L’IA come nuova Bibbia?
Durante un recente seminario organizzato da Gloo, Gelsinger ha paragonato la rivoluzione dell’intelligenza artificiale all’invenzione della stampa di Gutenberg: “Allora la Chiesa seppe abbracciare la tecnologia e cambiò l’umanità. La domanda è: sapremo farlo anche oggi?”. Il parallelismo non è casuale. Come la stampa rese la Bibbia accessibile a tutti, l’IA, secondo questa visione, potrebbe rendere universale il linguaggio della fede, superando barriere culturali e linguistiche. È un sogno grandioso, ma anche pieno di contraddizioni. Può davvero un algoritmo interpretare la spiritualità umana? E cosa accade se la fede diventa un servizio digitale personalizzato, ottimizzato da un’intelligenza artificiale?

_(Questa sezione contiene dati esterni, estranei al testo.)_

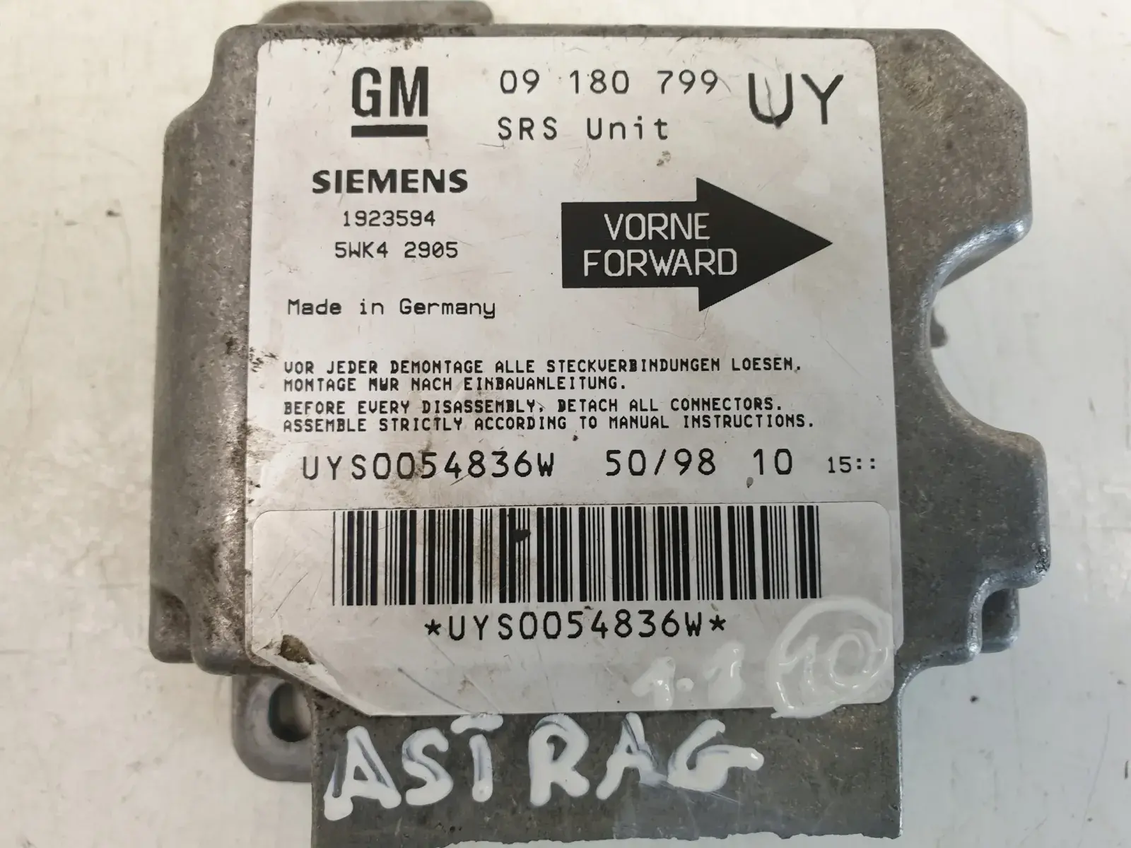 Opel Astra G II MODUŁ PODUSZEK AIRBAG 09180799

Il paradosso del cristianesimo digitale
Non tutti, ovviamente, condividono l’entusiasmo di Gelsinger. Teologi e studiosi di etica hanno sollevato dubbi profondi. Anne Foerst, informatica e teologa alla St. Bonaventure University, ha ricordato che “la Bibbia parla di compassione, accoglienza e cura dei poveri, valori difficili da conciliare con la cultura della performance e del profitto che domina la Silicon Valley”.
Anche la giornalista Elizabeth Bruenig, sulle pagine di The Atlantic, ha definito il fenomeno un “vangelo della prosperità 2.0”: una fede piegata al culto dell’efficienza, dove la salvezza coincide con il successo e la connessione con Dio passa attraverso un server. Dietro l’apparente rinascita spirituale, dunque, si cela una nuova forma di potere: la tecno-teologia del capitalismo digitale, in cui la fede diventa branding e l’intelligenza artificiale lo strumento di un nuovo proselitismo globale.